▸ **EXERCISE**:
Every line from the one with "وَقَال أَبُو عُمَر" to the one with "This cornice path, overlooking", including those two, is to be copied exactly; all other lines of the entries below are left out.

:: THE RECORDS

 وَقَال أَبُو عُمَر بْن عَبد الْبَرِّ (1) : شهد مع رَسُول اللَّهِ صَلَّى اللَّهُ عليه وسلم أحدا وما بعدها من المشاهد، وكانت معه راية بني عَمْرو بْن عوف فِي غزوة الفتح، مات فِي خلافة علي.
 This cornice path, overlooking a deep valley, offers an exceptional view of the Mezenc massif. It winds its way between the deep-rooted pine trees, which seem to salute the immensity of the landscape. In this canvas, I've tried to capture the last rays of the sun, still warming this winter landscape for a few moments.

::::
:: THE RECORDS

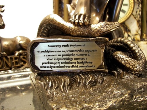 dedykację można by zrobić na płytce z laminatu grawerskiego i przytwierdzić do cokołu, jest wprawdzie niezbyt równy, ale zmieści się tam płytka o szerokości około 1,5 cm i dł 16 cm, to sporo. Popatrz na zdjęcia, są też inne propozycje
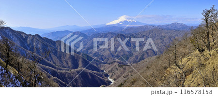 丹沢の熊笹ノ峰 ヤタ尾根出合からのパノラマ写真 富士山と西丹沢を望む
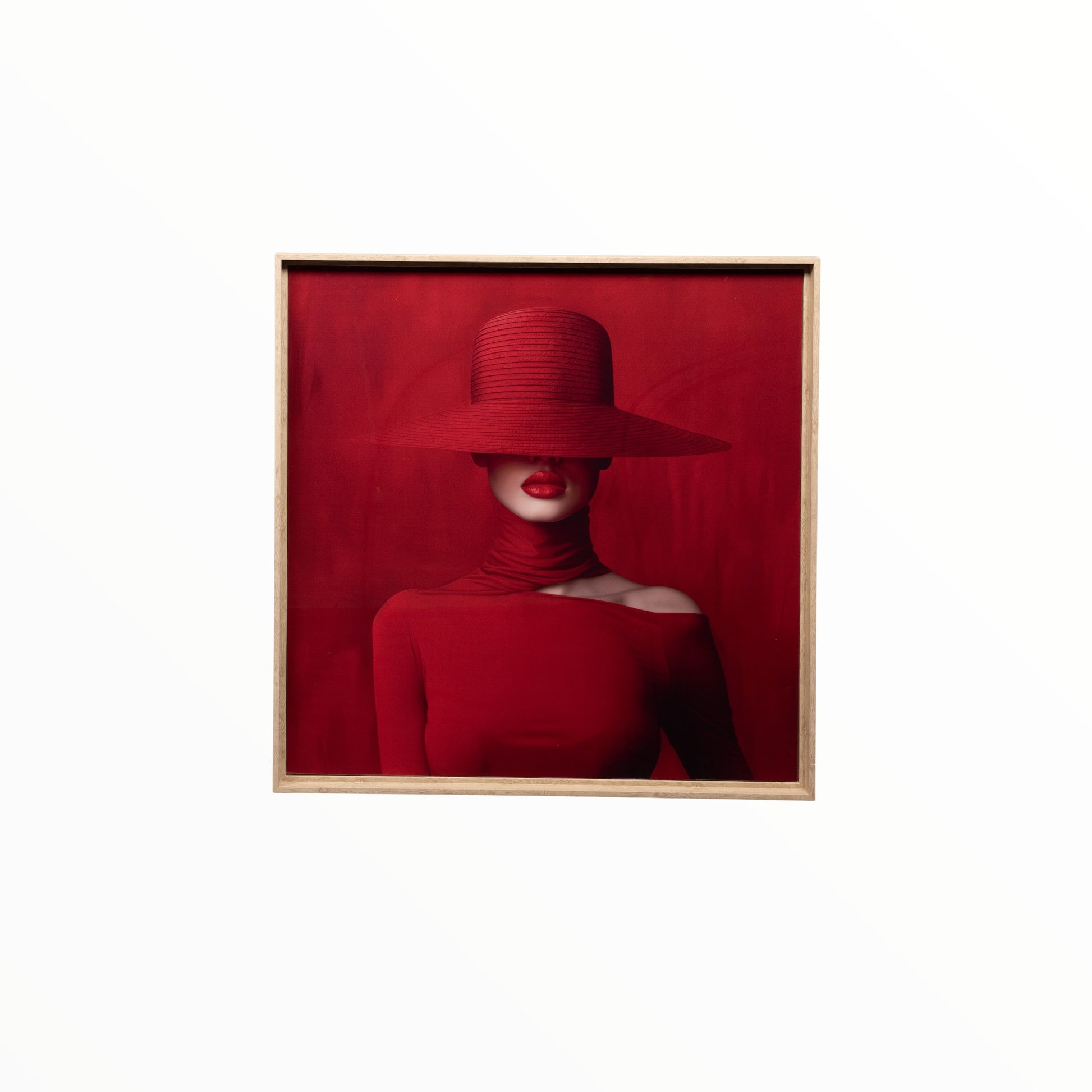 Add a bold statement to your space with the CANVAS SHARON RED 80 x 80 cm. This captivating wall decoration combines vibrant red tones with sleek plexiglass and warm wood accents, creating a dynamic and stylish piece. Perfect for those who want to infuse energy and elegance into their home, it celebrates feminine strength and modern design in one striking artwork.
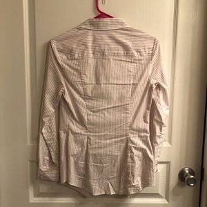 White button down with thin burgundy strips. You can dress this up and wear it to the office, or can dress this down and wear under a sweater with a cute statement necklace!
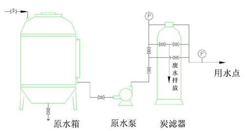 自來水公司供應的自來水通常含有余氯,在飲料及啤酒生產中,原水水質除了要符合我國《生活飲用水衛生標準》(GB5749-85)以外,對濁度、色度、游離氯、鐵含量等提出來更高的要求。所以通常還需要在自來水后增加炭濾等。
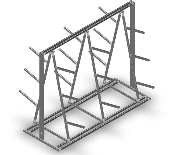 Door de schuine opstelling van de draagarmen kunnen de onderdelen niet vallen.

::::

▸ **TASK RESULT**:
 وَقَال أَبُو عُمَر بْن عَبد الْبَرِّ (1) : شهد مع رَسُول اللَّهِ صَلَّى اللَّهُ عليه وسلم أحدا وما بعدها من المشاهد، وكانت معه راية بني عَمْرو بْن عوف فِي غزوة الفتح، مات فِي خلافة علي.
 This cornice path, overlooking a deep valley, offers an exceptional view of the Mezenc massif. It winds its way between the deep-rooted pine trees, which seem to salute the immensity of the landscape. In this canvas, I've tried to capture the last rays of the sun, still warming this winter landscape for a few moments.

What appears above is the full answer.